Wednesday, August 08, 2007

2006 Kim Crawford Marlborough Unoaked Chardonnay

The theme for this month's WBW is Naked (i.e. Unoaked) Chardonnay. It is an interesting pendulum in the wine world that has swung from too much oak to none at all. Personally, I am not fussed by 'oaked' or 'unoaked' - these are simply terms like 'dry' and 'off dry' - words to help me determine the ultimate pairing for the wine and not any comment on the quality of the wine. Compare an oaky New World Chardonnay to a oaky Chablis and you will see that the presence or absence of oak is not the defining feature of the wine (although HOW it is used may be...)

But I digress. I like both, if they are well made, and tonight's wine is exactly what I like to see in an unoaked Chardonnay. The 2006 Kim Crawford Marlborough Unoaked Chardonnay aromatic, with lemon toast and pineapple, quite minerally, simple but pleasing. On the palate it was very flavourful, with the fruit expressing itself well, followed by a crisp, bitter, minerally aftertaste. Very well balanced, this is a wine to enjoy today, right now, in all of its naked glory.
13.5% alcohol
Score: 16/20
Price: C$18.95 (SAQ)

I am certain that my selection tonight will be replicated many times over, for the simple reason that I COULDN'T FIND ANY OTHERS! This was truly the only Chardonnay marked unoaked in town. Sadly, a slight deviation from American Wine Month at Joe's.

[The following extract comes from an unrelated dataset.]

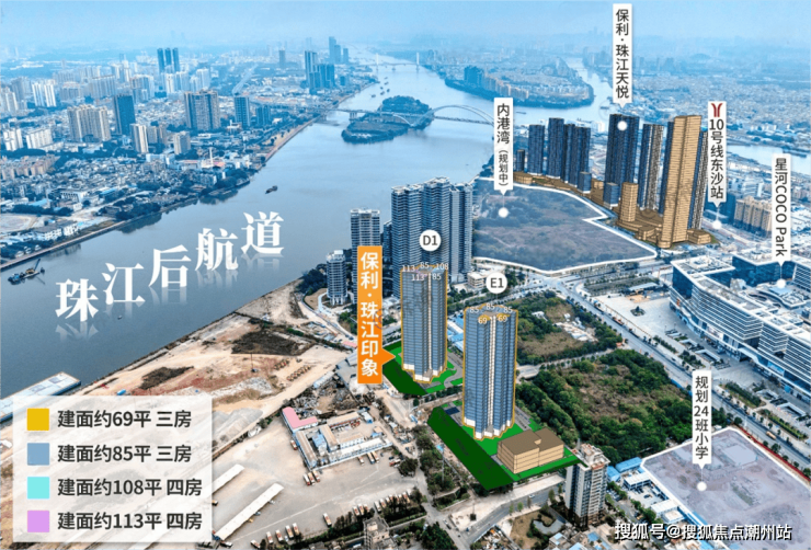 保利将推出滨江小户型,就在荔湾东沙,南地块是保利珠江天悦,北地块是保利珠江印象。保利珠江印象项目位于广州市千亿打造的后航道沿江经济带荔湾区东沙板块,江景稀缺小户型。从规划图看610地块,计容建面约12327㎡,平均一层建面约385㎡,户均建面不到80方。617地块,计容建面约15684㎡,平均一层建面约490㎡,户均建面不到100方。相比天悦,珠江印象主打是小户型,项目体量较小,两栋楼32层高的住宅和一所6班幼儿园。

Thanks, once again, to Lenn - father of WBW and the host of WBW #36. Cheers!


Barry said...

As you say Joe it is how the oak is used. It's very rare that I will try a US Chardonnay nowadays for example.
When you lick your lips and feel the weight of the oak,,then it's a no-no for me.
It's an age thing I guess(wine age)..when I started drinking wine..that's what I I search for the natural fruit..and generally find it elsewhere. Your post of only finding one...means there is no change going on...are there too many 'New' drinkers..or is the general taster wanting his cupfull of 'oak'...
The French have always managed to get it right with Chardonnay...Meursault and top Chablis are usually great wines..perfectly don't tell me the growers in the States can't copy that.


Joe said...

I suspect that there are probably French winemakers who use too much as well, and some Americans who use it judiciously. The key is to seek them out, I suppose. As for not being able to find unoaked wine, I will confess I didn't really ask around, so the 'unoaked' on the label made it easey for me. I have not had a Meursault recently, will have to try one.

Barry said...

Meusault..been a year since I had one..and it was a bargain on a ship..they couldn't sell it so were offering it cheap..I bought the rest.Otherwise..they are like all white Burgundy..expensive...
I have just purchased 6 bottles of 2005 Chablis(Domaine des Malandes, Vau de Vey)...which is a great vintage.Sell the car Joe..and buy a few cases...or try some whites from the south ..Languedoc have some fine whites lightly oaked..and needing air before the real flavours appear.


Marcus said...

Hey I tried this bottle on the weekend. Despite being unoaked I still found it very weighty, very buttery, almost smoked but perhaps I'm just thinking of the toastiness you mention and those big exotic fruit flavours in there.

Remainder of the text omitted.